Studying Early Printed Books, 1450-1800 by Sarah Werner

Studying Early Printed Books, 1450-1800 by Sarah Werner

Author:Sarah Werner [Werner, Sarah]
Language: eng
Format: epub
ISBN: 9781119049951
Publisher: Wiley
Published: 2018-12-03T00:00:00+00:00


Signature marks

Signature marks indicate the order of sheets and their leaves. If a book is to be made up of eight sheets in a quarto imposition, then each sheet is marked to indicate its place in the order so they are assembled in the correct order. The most frequently used indication of order is the 23‐letter Latin alphabet (A to Z, omitting either I or J, either U or V, and W; see “Alphabet” in this part for more detail). If it is a long book, the series might have to be run through multiple times, with A–Z followed by AA–ZZ, AAA–ZZZ, etc. (In the 18th century, English printers often represented such signatures as 2A, 3A, etc., a practice that is usually used by bibliographers today.) Because the preliminaries of a book were usually printed last, they were often signed differently. If the main text began with a gathering signed “A,” then the preliminaries might be signed “a” or with symbols like “*” or “¶.”

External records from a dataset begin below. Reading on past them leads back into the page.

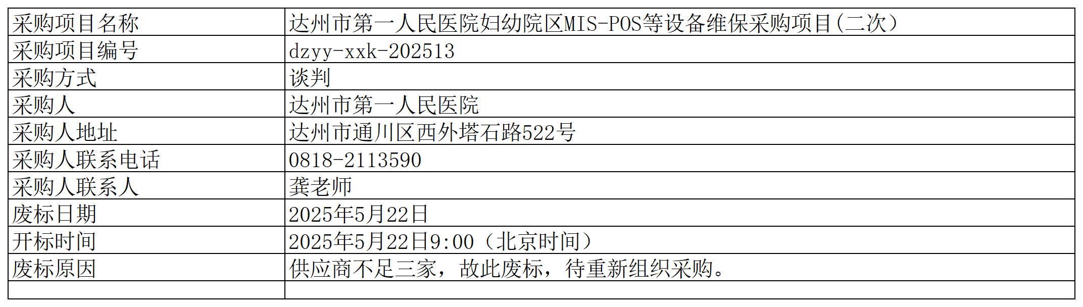 达州市第一人民医院妇幼院区MIS-POS等设备维保项目(二次)废标公告
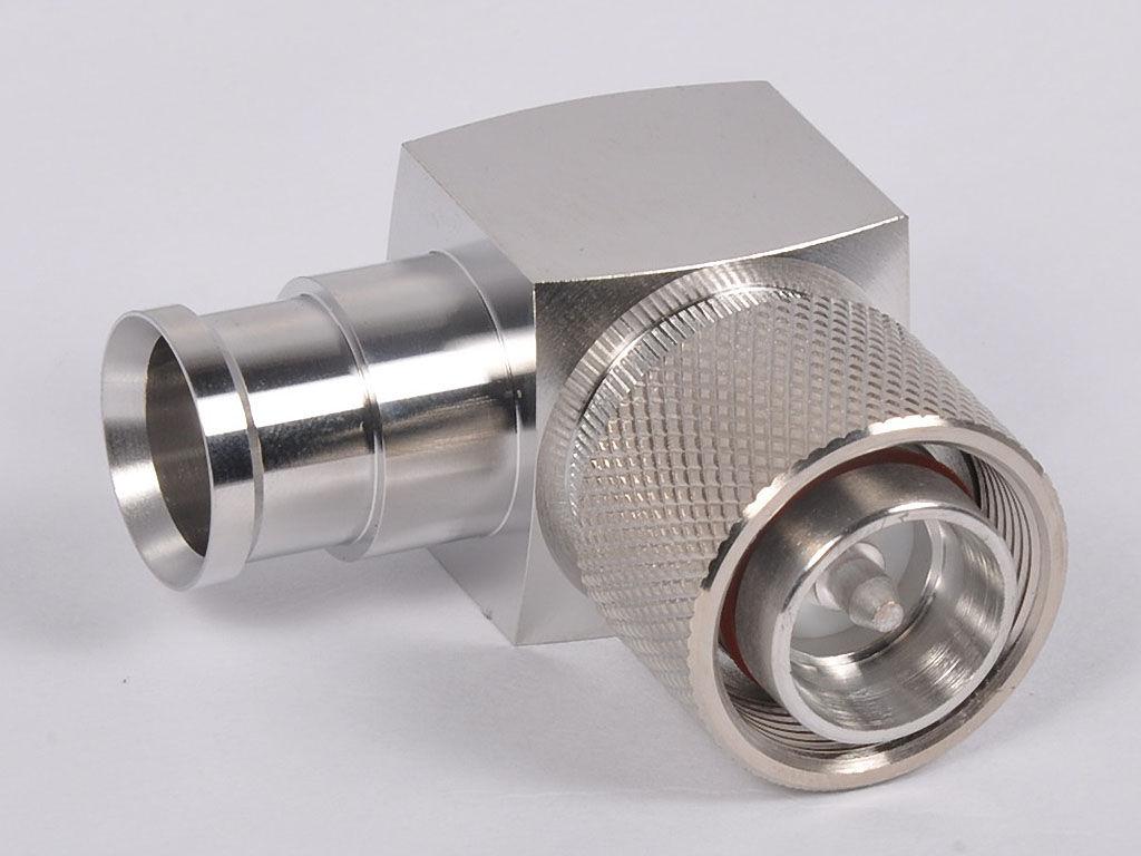 50 Ohms, 4.3-10 Plug, Right-Angle, Hand Tight, for 1/2" Super Flexible Coaxial Cable, One Piece Per Carton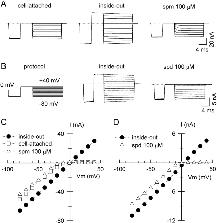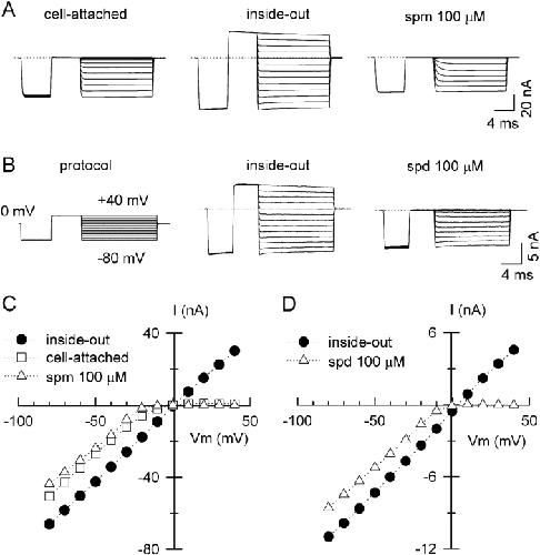 Figure 1. . Inward rectification of Kir2.1 current in cell-attached patch versus inside-out patch. (A) Currents were recorded from Xenopus oocytes injected with Kir2.1 mRNA in the cell-attached patch configuration (left) and following excision as an inside-out patch in the absence (middle) or presence of 100 μM spermine (right). (B) Currents recorded from a different patch in the absence (middle) and presence (right) of 100 μM spermidine. The voltage clamp protocol is shown in the left panel of B. The dotted lines indicate the zero current level. (C) I-V curves of the steady-state current at the end of the test pulses in A. (D) I-V curve of the steady-state current at the end of the test pulse in B. Note the similar shapes of the I-V curve for the cell-attached patch and the excised inside-out patch with 100 μM spermine or spermidine present. |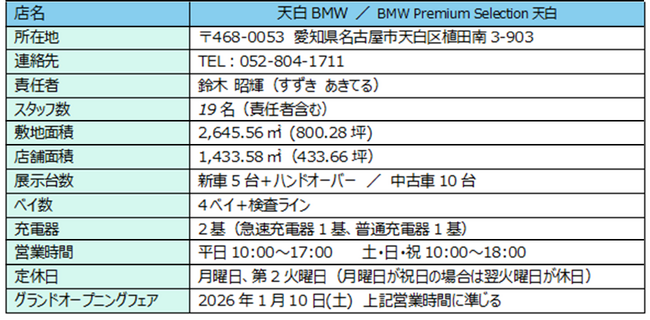 株式会社ヤナセ(社長:森田 考則)のグループ会社で、BMWを専門に取り扱う、ヤナセ バイエルン モーターズ株式会社(社長:落合 貴 本社:東京都港区)は「天白BMW/BMW Premium Selection天白」をリニューアルし、12月17日(水)に営業を開始します。

Not only did the sheets need to be gathered in the correct order, they needed to folded so that the leaves were in the correct sequence. And so in addition to indicating the gathering order, signature marks also indicate the sequence of leaves with either arabic or roman numerals. For our hypothetical quarto, you’ll need to know, at a minimum, which are the first and second leaves so that you can fold the sheet correctly; for an octavo, you’ll need to know the first, second, third, and fourth leaves. (In both, once you have the first half of the leaves in the correct order, the remaining leaves fall into place.)

We tend, today, to use signature marks primarily as page numbers—a way of identifying what page or leaf we are looking at. If, for instance, I was working with an English book in which a poem appeared on the fourth page of the main text, I would identify that as “sig. B2v”: it’s in the “B” gathering on the second leaf on the verso side. (The two sides of a leaf are described as its “recto” and its “verso”—the front and back.) Even if a leaf isn’t signed (that is, printed with a signature mark) you can still identify it this way—just count forward from the last printed signature and you’ll work out which leaf it is.

While we focus on signature marks as a method of location within a book, they can also identify where a work was printed. Although signature marks all follow the same basic formula of identifying gathering and leaf, within that basic structure are variations. Are leaf numbers indicated with roman or arabic numerals? Are the preliminaries signed with letters of the alphabet or with symbols? Is the first half of the gathering’s leaves signed or the first half plus one?

In 1966, R. A. Sayce published the results of his examination of over 2,800 books printed in 10 different countries, an effort to determine whether compositors followed local practices in signing books printed between 1530 and 1800.